A Corregedoria-Geral da Justiça do Piauí, em correição extraordinária no Cartório da Comarca de Avelino Lopes, apurou os fatos e constatou as fraudes cometidas pelo grupo, com farta prova documental, cancelando as matrículas das fazendas inexistentes. Além disso, foi determinado o afastamento de José Alcântara da Gama de suas funções no cartório.
'Vítima'
Na época da denúncia, em abril deste ano, a diretoria da Kia Motors do Brasil negou, por meio de nota, envolvimento nos fatos denunciados pelo MPF no Espírito Santo. “Desde a instauração do inquérito policial federal, a empresa tem atuado de forma ativa e colaborativa, razão pela qual manifesta o presidente da Kia Motors do Brasil significativa surpresa em razão da decisão do representante do Ministério Público Federal de incluir no polo passivo do processo criminal o presidente e o diretor administrativo da empresa, que não passam de vítimas de terceiros, com os quais jamais estabeleceram qualquer contato”, defende-se a diretoria.

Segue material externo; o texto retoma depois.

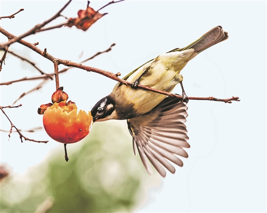 12月22日,江西南昌扬子洲,一只白头鹎正在吃柿子。随着扬子洲的柿子成熟,领雀嘴鹎、丝光椋鸟、黑领椋鸟、白头鹎、八哥等鸟儿都来抢食,常常为柿而战。陶长英 摄/视觉中国
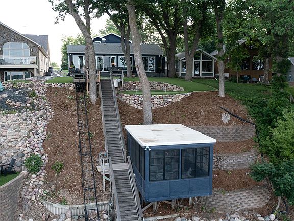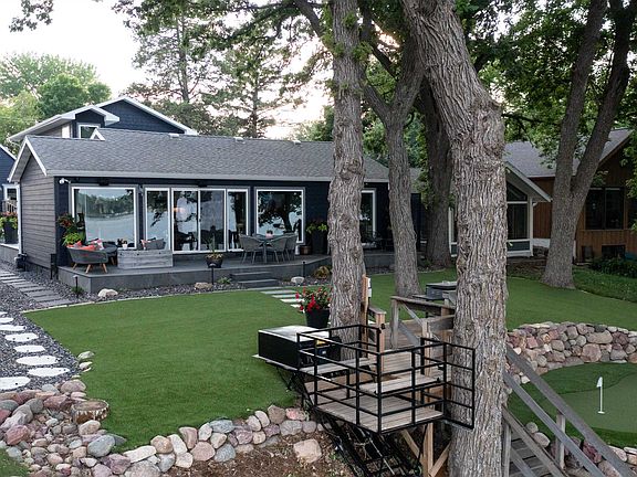 Don't miss out on this beautiful West Lake property on Manhattan beach. This property's unique offering of a main house and a separate guest house, providing the perfect setup for multi-generational families and hosting friends with 7 bedrooms, 4 bathrooms, two laundry rooms and attached garages on both houses. The flexibility the guest house provides with its own living space, bedrooms, bathroom and kitchen offering privacy and comfort for guests or overflow. The lakeside primary has attached bath with heated floors and a showcase walk in closet with second laundry off the main house. Take the lakeside tram down to the dock or the tranquil space of three season oasis with entertainment amenities. The property is beautifully landscaped with artificial turf and putting green with exterior lighting that is all on timers. This is a must see!

A Kia Motors alegou, ainda, que “após auditoria promovida pela empresa, no ano de 2012, apurou-se que profissionais terceirizados contratados na época para a prestação de serviços na área tributária, munidos de uma procuração específica para representar a empresa na Secretaria da Receita Federal, extrapolaram ilicitamente os limites estabelecidos na contratação, substabeleceram ilicitamente esses mesmos poderes para outras pessoas, à revelia dos representantes da Kia Motors do Brasil, e aparentemente tentaram adotar medidas fraudulentas, circunstância que prejudicou e causou significativo prejuízo financeiro para a empresa”.
E prossegue: “em razão desse episódio, a própria empresa, naquele ano de 2012, comunicou o fato para a Secretaria da Receita Federal e para a Procuradoria da Fazenda Nacional, circunstância que ensejou a abertura de uma fiscalização, assim como, logo depois, o seu encerramento, na medida em que a empresa comprovadamente sempre cumpriu rigorosamente todas as suas obrigações tributárias, e a expedição de ofício para a Polícia Federal, apurar o fato, relacionado aos terceiros fraudadores”.
A diretoria da Kia Motors conclui a nota afirmando que “permanece segura de que a ação criminal será julgada improcedente, no momento oportuno”.